🧠 Personal Knowledge Assistant- The Second Brain

Your AI-powered second brain that helps you store, search, and retrieve information from PDFs, notes, articles, and research papers using advanced Retrieval-Augmented Generation (RAG).

✨ Features

📄 PDF Upload: Extract and store content from PDF documents automatically
✍️ Text Notes: Add notes, articles, and information manually
🔍 Semantic Search: Ask questions in natural language and get AI-powered answers
📚 Source Citations: See exactly which documents were used to generate each answer
🏷️ Topic Organization: Tag content by subject for better organization
🔊 Text-to-Speech: Listen to responses with built-in audio playback
💬 Chat History: Maintain conversation context for follow-up questions
🆓 100% Free: Uses free-tier services and open-source models

🎯 Use Cases

Perfect for:

📖 Students organizing study materials and lecture notes
🔬 Researchers managing papers and research documentation
💼 Professionals building a personal knowledge base
📝 Anyone who wants to remember everything they've ever read

Tech Stack

Frontend: Streamlit - Interactive web interface
Vector Database: MongoDB Atlas Vector Search for semantic document retrieval
Embeddings: HuggingFace sentence-transformers/all-mpnet-base-v2 (768 dimensions, runs locally)
LLM: Google Gemini gemini-2.5-flash for natural language generation
PDF Processing: PyPDF2 for text extraction from PDF files
Text-to-Speech: ElevenLabs API for audio generation
Framework: LangChain for RAG pipeline orchestration

Why These Technologies?

✅ Free & Cost-Effective: All components have free tiers
✅ Local Embeddings: Sentence transformers run on your machine - no API costs
✅ Scalable: MongoDB Atlas handles millions of vectors efficiently
✅ Fast: Gemini Flash provides quick response times
✅ Production-Ready: Enterprise-grade stack suitable for real applications

Prerequisites

Before starting, make sure you have:

Python 3.8+ installed on your machine
A MongoDB Atlas account (free tier works!) with a cluster created
A Google AI API key (Get one here)

Quick Setup

1️⃣ Clone and Install

# Clone the repository
git clone <your-repo-url>
cd Hacks-for-Hackers

# Create a virtual environment
python -m venv venv
source venv/bin/activate  # Windows: venv\Scripts\activate

# Install dependencies
pip install -r requirements.txt

2️⃣ Configure Secrets

All configuration is managed through Streamlit secrets. Create a .streamlit folder and add your credentials:

mkdir .streamlit
code .streamlit/secrets.toml  # or use any text editor (vim, emacs, nano, etc.)

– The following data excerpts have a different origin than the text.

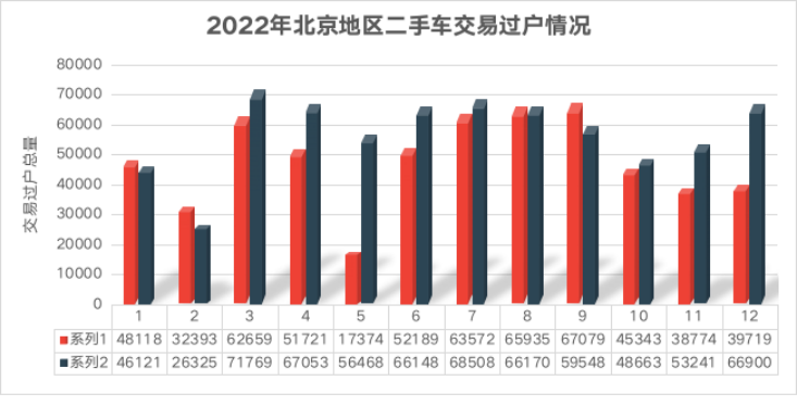 有关监测数据显示:2022年前11个月北京二手车成交过户545157辆,累计同比增长-13.47%,降幅低于新车同期-18.34%4.87个百分点。
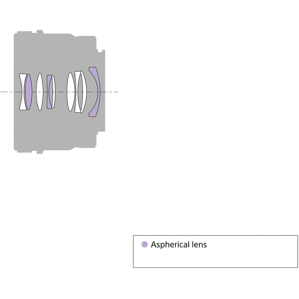- Three aspherical elements promote more uniform sharpness across the frame by suppressing spherical aberrations and distortions.
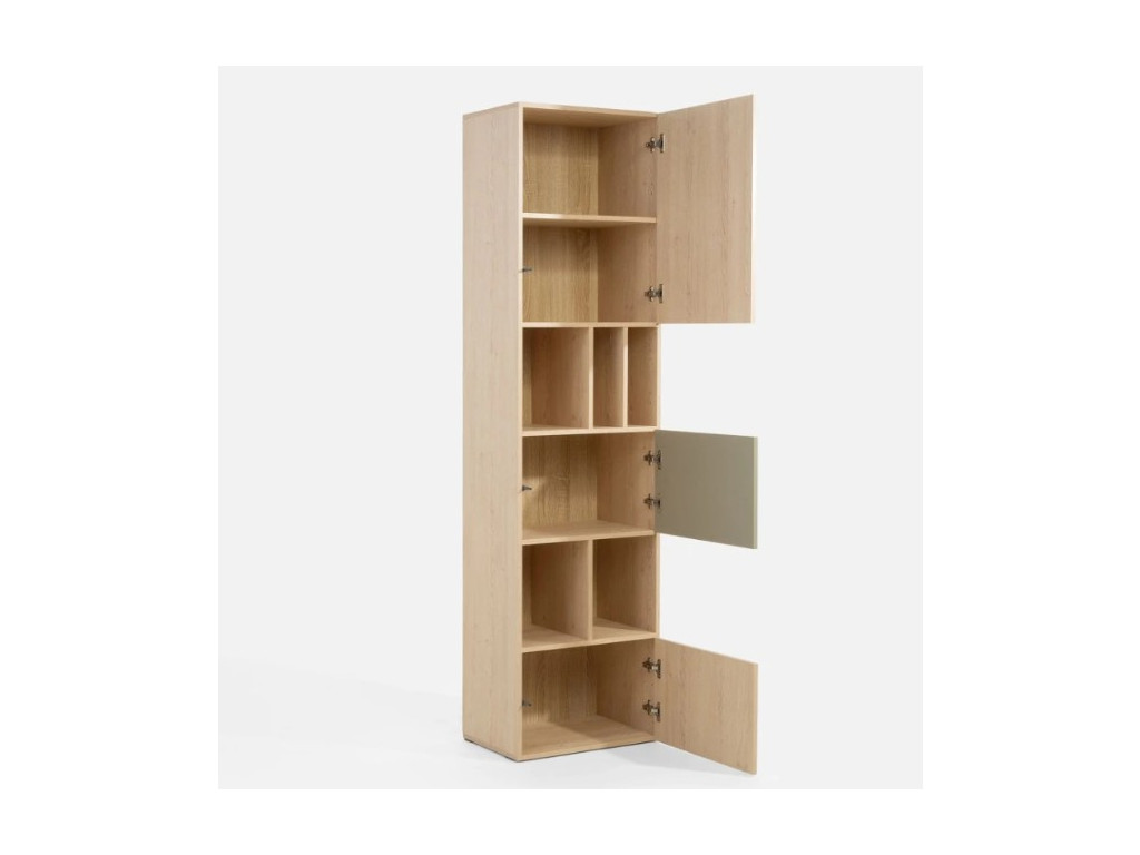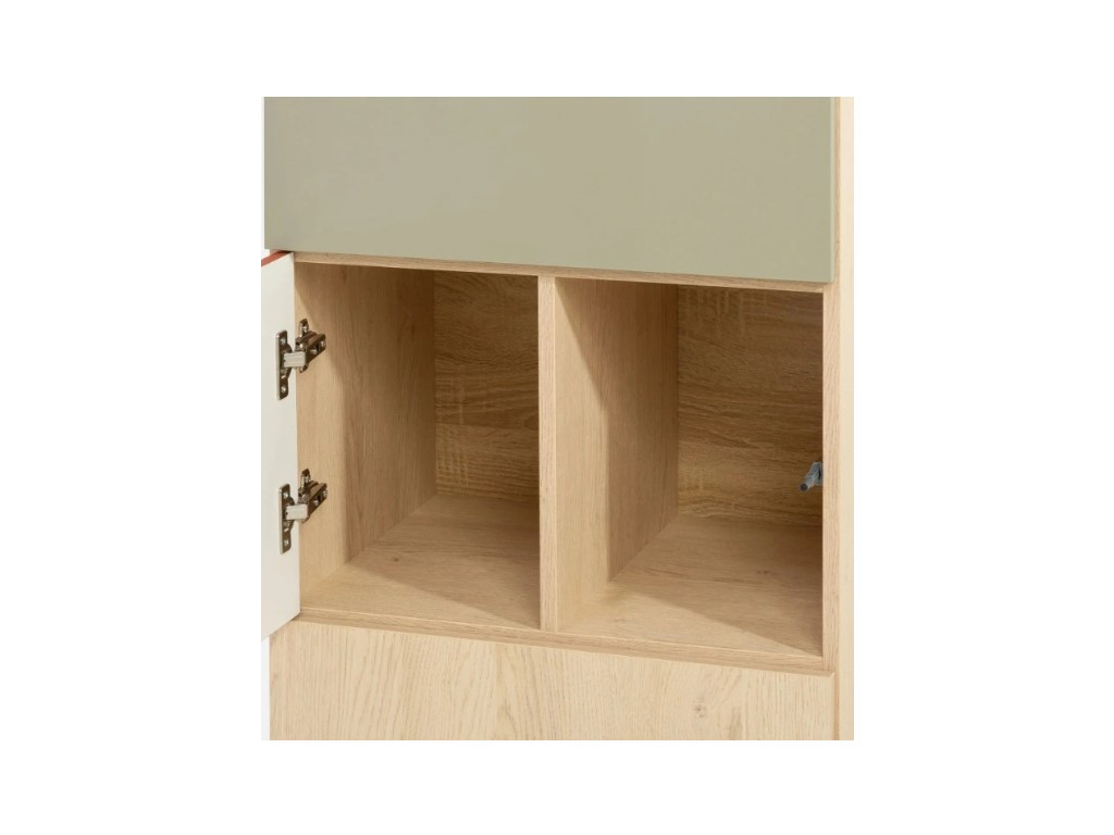 Regál Salsa SL3 je trojdverový úložný prvok s kombináciou otvorených a uzavretých políc, ktorý ponúka praktické a prehľadné riešenie na uskladnenie rôznych predmetov. Súčasťou regálu sú otvorené police, vhodné na knihy, dekorácie alebo školské potreby, a uzavreté časti chránené dvierkami. Stredné dvierka sú v zelenej farbe, čím vytvárajú výrazný kontrast k dekoru dub a oranžovým akcentom. Regál pôsobí moderne a dynamicky, pričom zachováva funkčný charakter.

Add the following to .streamlit/secrets.toml:

# MongoDB Atlas Configuration
MONGO_URI = "mongodb+srv://<username>:<password>@<cluster>.mongodb.net/?retryWrites=true&w=majority"
DB_NAME = "vector_store_database"
COLLECTION_NAME = "embeddings_stream"
ATLAS_VECTOR_SEARCH = "vector_index_ghw"

# Google AI API Key
GOOGLE_API_KEY = "your-google-api-key-here"

# ElevenLabs API Key (for text-to-speech)
ELEVENLABS_API_KEY = "your-elevenlabs-api-key-here"

Replace the placeholders:

<username> and <password>: Your MongoDB Atlas credentials
<cluster>: Your cluster address (e.g., cluster0.abc123.mongodb.net)
your-google-api-key-here: Your Google AI API key (Get one here)
your-elevenlabs-api-key-here: Your ElevenLabs API key (Sign up here)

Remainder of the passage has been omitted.